“You don't know what you're talkin' about.” Sarah paused to laugh in mirthless discordance. “Watch for the babies to come. They come faster than wages raise these days.”

“But we're not going to have any babies... that is, at first. Not until after the furniture is all paid for anyway.”

“Wise in your generation, eh? In my days girls were more modest than to know anything about disgraceful subjects.”

“As babies?” Saxon queried, with a touch of gentle malice.

“Yes, as babies.”

“The first I knew that babies were disgraceful. Why, Sarah, you, with your five, how disgraceful you have been. Billy and I have decided not to be half as disgraceful. We're only going to have two—a boy and a girl.”

Tom chuckled, but held the peace by hiding his face in his coffee cup. Sarah, though checked by this flank attack, was herself an old hand in the art. So temporary was the setback that she scarcely paused ere hurling her assault from a new angle.

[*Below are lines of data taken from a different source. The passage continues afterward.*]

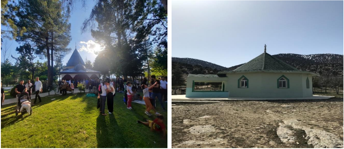
Fotoğraf 1. Abdal Musa Türbesi ve Budala Sultan Türbesi'nden görünüm

Budala Sultan Türbesi; külliye'nin en kutsal olan üçüncü avlusunda, Abdal Musa Türbesi'nin biraz uzağında dağın eteğinde yer almaktadır. Türbe görünüm olarak Abdal Musa Türbesi'ni andırmakla beraber, Abdal Musa Türbesi kadar gösterişli değildir. Abdal Musa Türbesi'nden sonra tekkenin en fazla korunan kısımlarından biridir ve hemen yanında "Kırklar Makamı" bulunmaktadır (Akçay, 1972).
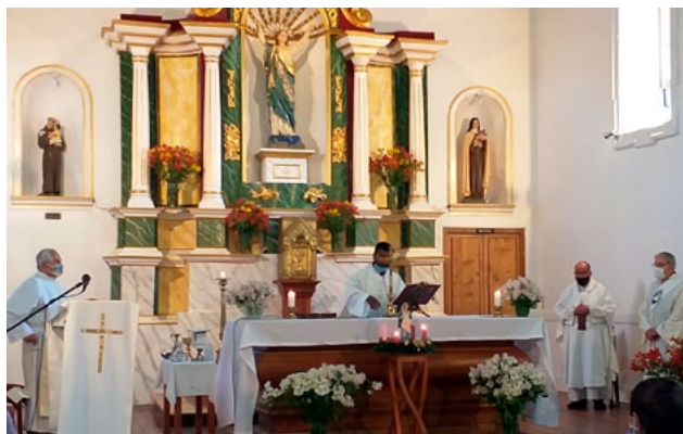
Celebración de Inmaculada Concepción en la parroquia Nuestra Señora de la Asunción de Quinta de Tilcoco.
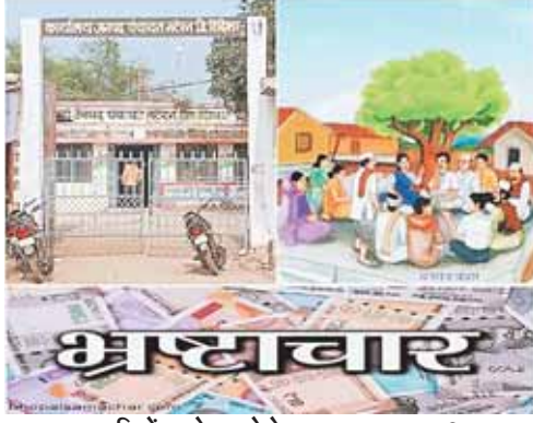
सिरोंज, दोपहर मेट्रो।

ग्राम पंचायत राय खेड़ी में सरपंच सचिव द्वारा विभिन्न मर्दों से कराए गए लाखों के निर्माण कार्यों की हो निष्पक्ष जांच की ग्रामीणों ने की मांग
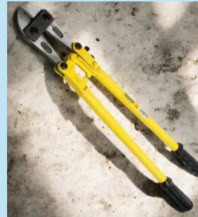
CIZALLA PARA CORTAR ALAMBRE 24" KAMASA – HERRAMIENTA PROFESIONAL DE ALTO DESEMPEÑO

Con cuerpo y cuchilla de acero forjado, mangos antiderrapantes y sistema de palanca de triple apoyo para cortes potentes y precisos. Ideal para trabajos profesionales de ferretería y construcción.
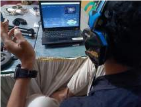
Gambar 2.38 Proses Editing Video

Editing video drama ini dilakukan oleh editor, yaitu melakukan editing program dengan mengumpulkan, memilih, memotong, menyambung gambar- gambar hasil shoting dan mengurutkan, menata
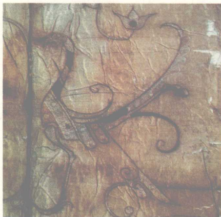
对龙对凤纹绣凤鸟纹 战国
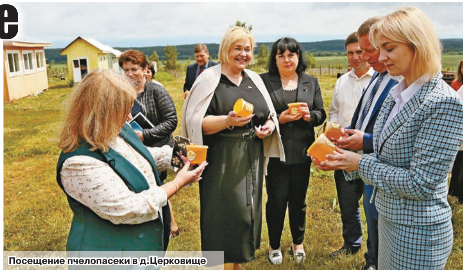
Посещение пчелопасеки в д.Церковище

– В ведении нашего фермерского хозяйства 338 гектаров пашни. Мы занимаемся только растениеводством. Сею зерновые, зернобобовые культуры, картофель, горох. Несмотря на то, что этот год для сельхозорганизаций очень непростой,
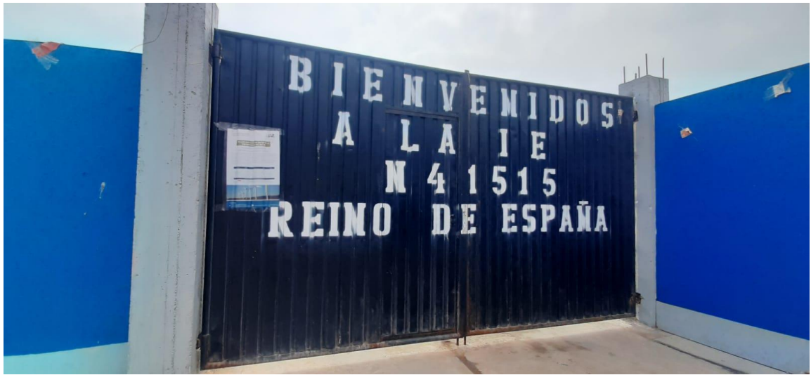
Foto 9. Afiche pegado en el frontis de la I.E. N°41515 Reino de España, CP La Planchada.
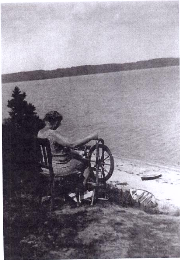
Fru Drotten har taget rokken med ud på Lille Klit.

og svigerdatter. Det fortælles, at hun kun havde tilladt sin søn at bygge købmandsforretningen, hvis de ikke trådte i hendes grønkal.
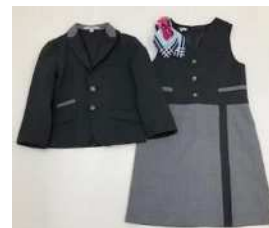
グリーンアテンダント kids 制服
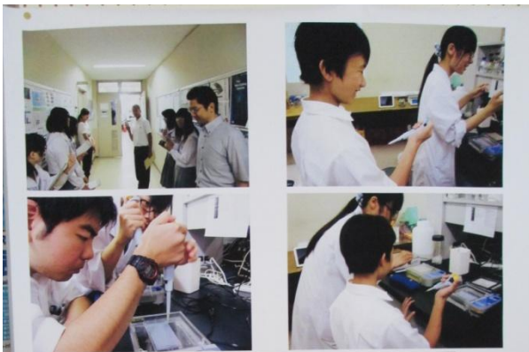
研究室探究 大学訪問 近畿大学
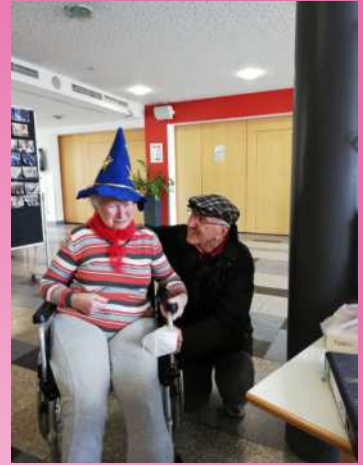
Da hielt keine Krawatte mehr stand. Die Beute war gemacht.
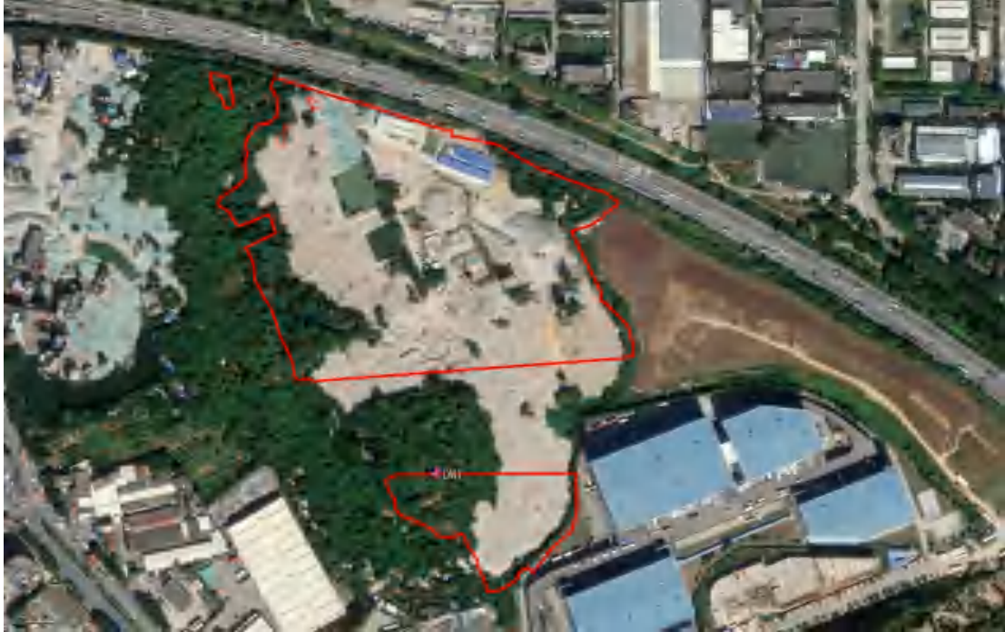
图 44 断面位置示意图(玫红色标记点)

为了进一步明确地块内地层堆积情况，我们在地块内修整断面 1 处，编号为 DM1，具体情况如下：
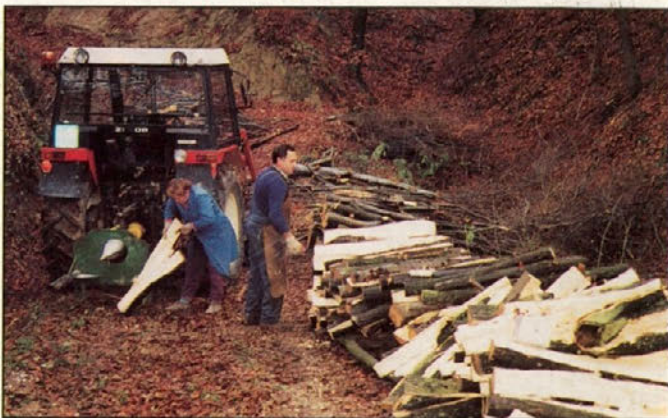
Drva so spravljena na varno, samo da nas pozimi ne bi zeblo.
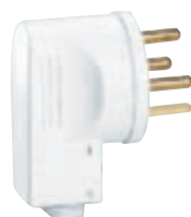
0 551 55
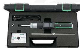
96510700 Giraviti dinamometrici elettromeccanici
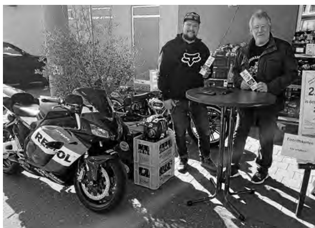
Das Bild zeigt unseren Vorverkaufsstand im letzten Jahr

Für alle, die den Sondervorverkauf zeitlich nicht wahrnehmen können, sind Tickets weiterhin im Vorverkauf bei Donner Buchladen, im Bürgerbüro Plüderhausen sowie online unter www.mf-p.de erhältlich.
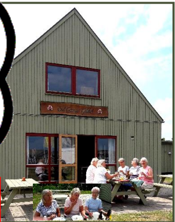
Heksegruppen d. 28. maj 2018
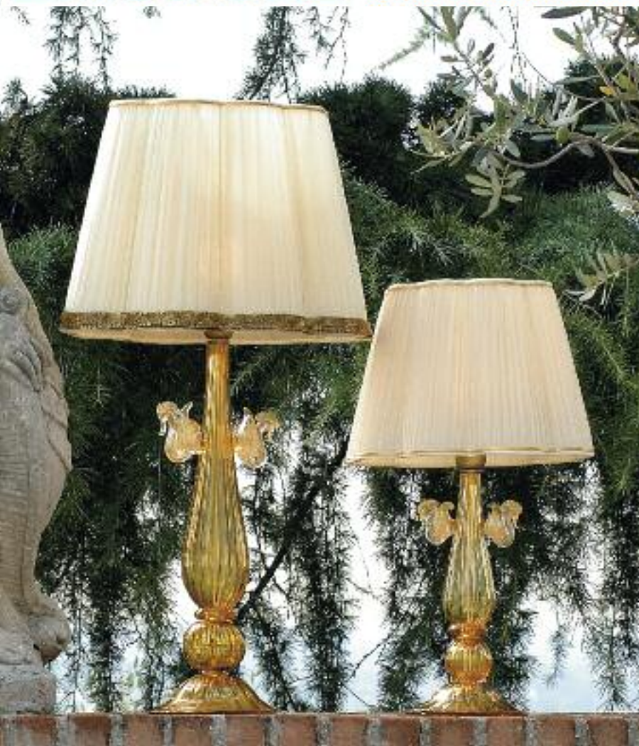
Art. 1376G h 70 cm • P Ø 40 cm 1x60W E27
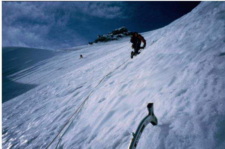
Tolle Perspektive im oberen Wandteil
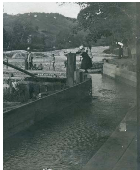
Einlauf vom Mühlbach neben provis. Stauwehr der Müllerschwelle, 1907

Der Mühlbach, auch Mühlwuhur genannt, wird 1354 erwähnt, er bestand aber schon früher. Er wurde aus der Zulg abgeleitet, bevor eine Querschwelle gebaut war. Sein Einlauf musste nach jedem Hochwasser wiederhergestellt werden. Bis 1907 bestand die sog. Müllerschwelle aus einer Holzschwelle, die mit fünf Meter langen, dicken Brettern abgedacht und oben durch Firstbalken geschützt war. An der linken Zulgseite, beim Einlauf des Mühlbachs nahm ein breiter, massiver und tiefer Holzkasten das Bachwasser auf. Von da führte ein mit einer Britsche (Holzschieber) verschlossener Schutzkänel zurück in die Zulg. Bei Hochwasser konnte durch diesen Känel der grösste Teil des Geschiebes mit dem Wasserüberschwall in den Bach abgeleitet werden.
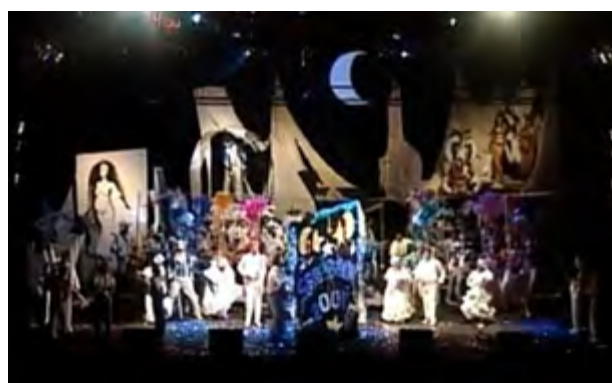
Teatro de verano

En este teatro se presentan los diferentes espectáculos oficiales de carnaval: el Concurso Oficial, el Carnaval de Las Promesas, la Final de Murga Joven, y la Prueba de Admisión. Las distintas categorías presentan sus propuestas ante miles de personas que noche a noche concurren. Las comparsas de candombe año a año realizan composiciones inéditas para sus actuaciones.
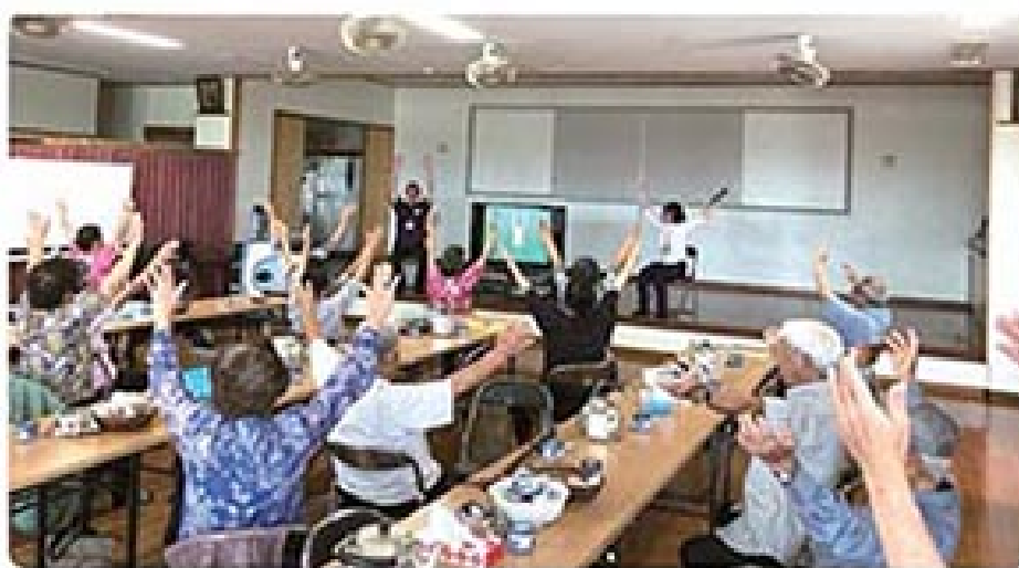
テレビを見ながらの健康体操

社協では、役場と連携を図りながらミニデイサービス事業の内容や活動方法を変更することにより、「健康寿命」の延伸（自助）や、地域の「支え合い」（互助）、人と人との繋がりをつくっていく支援など、将来を見越した事業展開を行ってまいります。
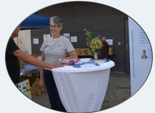
A. Iser, Waldstetter Herbst © Ira Herkommer
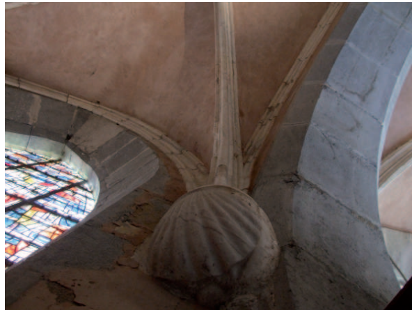
Chapiteau aux armes des Alleman
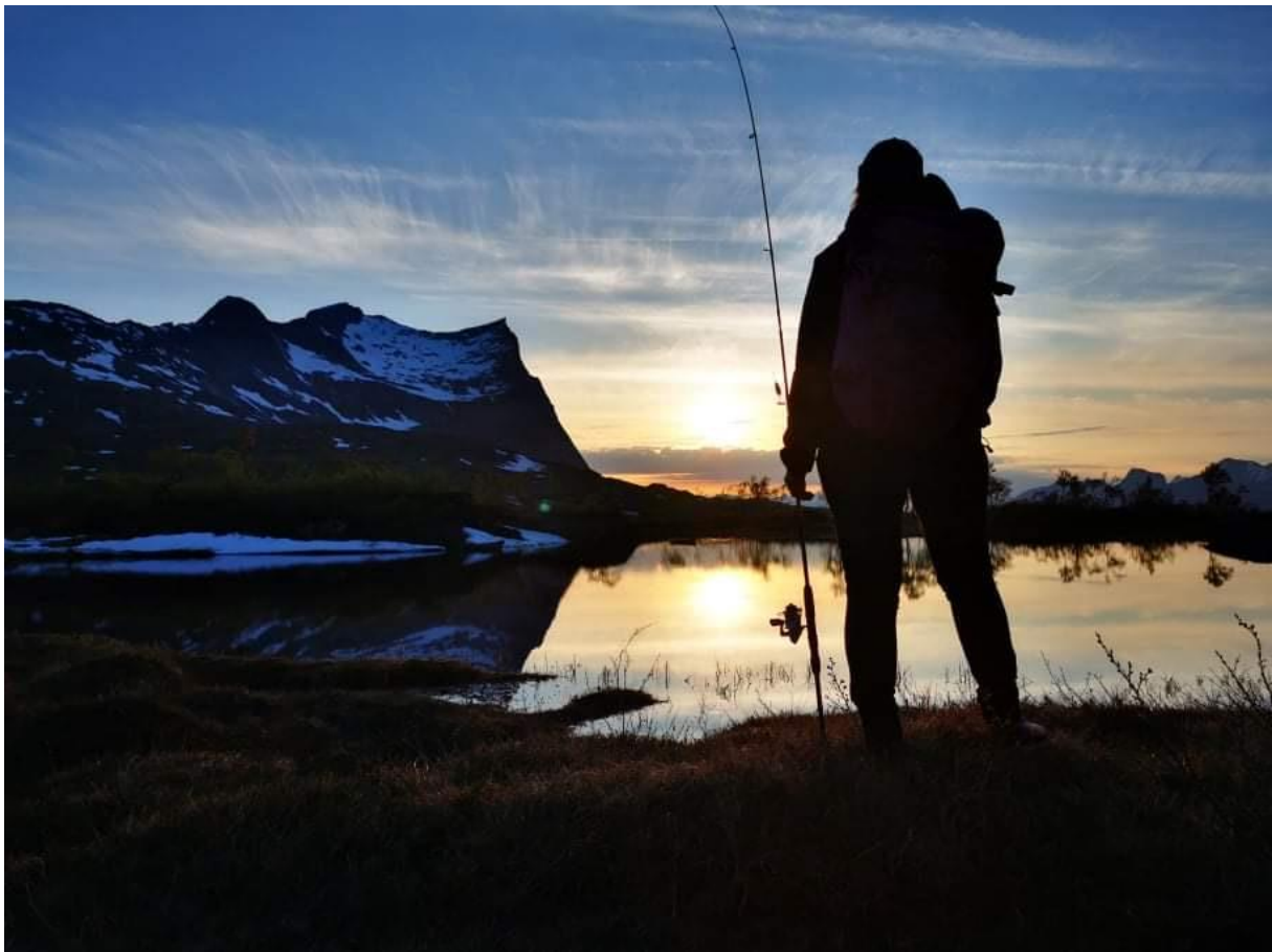
Midnattsol ved Korviktinden.

Foreningen har pr. 31.12.2021 en oppslutning på 515 Aktive medlemmer. Av disse er 75 Barne-/ungdomsmedlemmer.
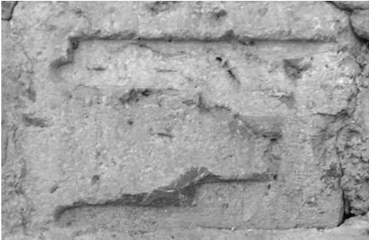
Fig.1. Pedra calcària localitzada a Quart amb el baix-relleu d'una torre sobre ones de mar.
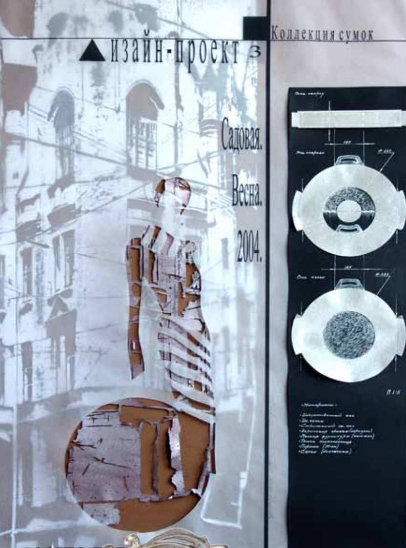
Плакат-реклама коллекции сумок. Автор Олеся Терентьева, руководитель Л. А. Корюкова

“An' marryin' so quick, all of a sudden, eh? If that ain't suspicious, nothin' is. I don't know what young women's comin' to. They ain't decent, I tell you. They ain't decent. That's what comes of Sunday dancin' an' all the rest. Young women nowadays are like a lot of animals. Such fast an' looseness I never saw....”

Saxon was white with anger, but while Sarah wandered on in her diatribe, Tom managed to wink privily and prodigiously at his sister and to implore her to help in keeping the peace.

“It's all right, kid sister,” he comforted Saxon when they were alone. “There's no use talkin' to Sarah. Bill Roberts is a good boy. I know a lot about him. It does you proud to get him for a husband. You're bound to be happy with him...” His voice sank, and his face seemed suddenly to be very old and tired as he went on anxiously. “Take warning from Sarah. Don't nag. Whatever you do, don't nag. Don't give him a perpetual-motion line of chin. Kind of let him talk once in a while. Men have some horse sense, though Sarah don't know it. Why, Sarah actually loves me, though she don't make a noise like it. The thing for you is to love your husband, and, by thunder, to make a noise of lovin' him, too. And then you can kid him into doing 'most anything you want. Let him have his way once in a while, and he'll let you have yourn. But you just go on lovin' him, and leanin' on his judgement—he's no fool—and you'll be all hunky-dory. I'm scared from goin' wrong, what of Sarah. But I'd sooner be loved into not going wrong.”